Nun aber die Krux an der Sache: Wenn ich ein Meeri habe dass mit einem gleichalten Meeri z.B. 2 Jahre gelebt hat. Und dann stirbt das eine. Man setzt dem einen Meeri ein Jungtier zu.
Kann das ältere Meeri denn überhaupt dann dem Jungtier Sozialverhalten beibringen da es ja selbst keine erzieher hatte? Also müsste das Alttier auch schon von einem Alttier erzogen worden sein?
Wie wirkt sich das Ganze später aus?
Nur mal ein Beispiel:
Eine Gruppe harmoniert gut miteinander, sie kennen sich von klein auf (nehmen wir mal an es sind Geschwister mt Bruderbock) Irgendwann bricht die Gruppe auseinander....hat dann die Nichterziehung noch Einfluss auf spätere VGs oder lernen sie trotzdem weil sie dann irgendwann erwachsen wurden innerhalb ihrer Gruppe genug Sozialverhalten??
Oder nochmal was anderes gefragt: Ich hab zwei Jungtiere über zwei Jahre und setze dann ein gutsozialisiertes Tier dazu...lernen dann die anderen nochmal von diesem Tier?
Wisst ihr worauf ich hinauswill?
So nach dem Motto: wurde selbst nicht richtig erzogen ist aber schon Erwachsen, kann das Tier das dann überhaupt an Jungtiere weitergeben?
 
  • Sozialverhalten anerziehen? Beitrag #2
nein, kann es nicht in diesem Umfang. Ist aber abhängig vom Charakter.

wie gesagt, gerade die zweiergruppenhaltung fördert Verhaltensstörungen und Probleme bei der vergesellschaftung. Ist ein Schweinchen nicht gestört kann es in nahezu jede gruppe wechseln und es wird klappen, aber ich würde es jetzt nicht gerade zur erziehung einsetzen.

wenn man nun ein gestörtes tier bekommen sollte hilft eigentlich nur eines: rumprobieren was klappt. Mehrere gruppen zur Auswahl, mehrere gehege, wirklich Versuch und Irrtum.

Außerdem ist das wichtige an der Erziehung auch eine gewisse gruppengröße, nur ist eben ein erwachsenes dazu allemal besser als gar keines... optimal ist es dennoch nicht.
 
  • Sozialverhalten anerziehen? Beitrag #3
Nun ich dachte eben dass Babys die mit Babys aufwachsen dann eben auch später keine "Erzieherrolle" übernehmen können...dann kann man das so nciht bestätigen?
Ich meine woher weiss ich dass ein Tier "gestört" ist...das sehe ich doch erst in der Gruppe.

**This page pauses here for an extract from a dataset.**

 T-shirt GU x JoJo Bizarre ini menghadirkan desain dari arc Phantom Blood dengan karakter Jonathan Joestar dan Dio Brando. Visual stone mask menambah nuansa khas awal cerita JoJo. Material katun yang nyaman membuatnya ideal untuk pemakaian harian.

Und kann ein solches Tier die Gruppe "falsch" erziehen?

Denn wenn wir mal ehrlich sind. Wo haben wir denn die gut sozialisierten Tiere? Es gibt ja so gesehen dann keine mehr, denn die Massen von Tieren (die viele von den "längeren" Meerihaltern haben, also die mit Verstand) wurden doch irgendwann in der Zoohandlung gekauft, aus Vermehrungen aufgenommen etc. Also alles Tiere die nicht gut sozialisiert sind.
 
  • Sozialverhalten anerziehen? Beitrag #4
Hi,
also ich kann nur von meinen beiden Jungs sprechen - sie waren beide noch Babys als sie zu mir kamen und sind ohne erwachsene Begleitung bei mir aufgewachsen. Beide wurden später über die Notstation in Gruppen vermittelt (Mädels).
Es hat - zumindest was das Sozialverhalten anging, überhaupt keine Probleme gegeben. Fin hat sogar noch länger unter Beobachtung sozusagen in einer Mädelstruppe verbracht (auf der Notstation selbst) und sich sofort ohne großartiges Vergesellschaftungs-TamTam mit seinen Mädels verstanden.

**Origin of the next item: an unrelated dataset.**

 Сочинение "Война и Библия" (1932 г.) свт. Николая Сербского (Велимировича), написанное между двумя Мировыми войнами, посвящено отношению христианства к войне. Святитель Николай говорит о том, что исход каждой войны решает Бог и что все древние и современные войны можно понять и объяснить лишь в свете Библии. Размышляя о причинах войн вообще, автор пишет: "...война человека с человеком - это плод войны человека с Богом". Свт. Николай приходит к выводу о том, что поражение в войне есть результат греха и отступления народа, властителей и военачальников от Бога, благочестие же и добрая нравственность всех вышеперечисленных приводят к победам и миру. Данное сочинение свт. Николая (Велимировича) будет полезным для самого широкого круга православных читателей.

Also ich glaub schon, dass das Lernen in der Gruppe sehr viel ausmacht, aber dass eine gewisse "Grundsozialisierung" auch Instinkt ist.

Lg
 
  • Sozialverhalten anerziehen? Beitrag #5
Kommt ehrlich gesagt drauf an.

Animalhoarding oder massenvermehrung auf größerer Fläche ergibt besser sozialisierte Schweinchen als die aus einer Zucht, die dann zu zweit abgegeben wurden. Und die die ne weile im Zooladen saßen hatten wenigstens da mal sowas ähnliches wie eine gruppe um sich herum.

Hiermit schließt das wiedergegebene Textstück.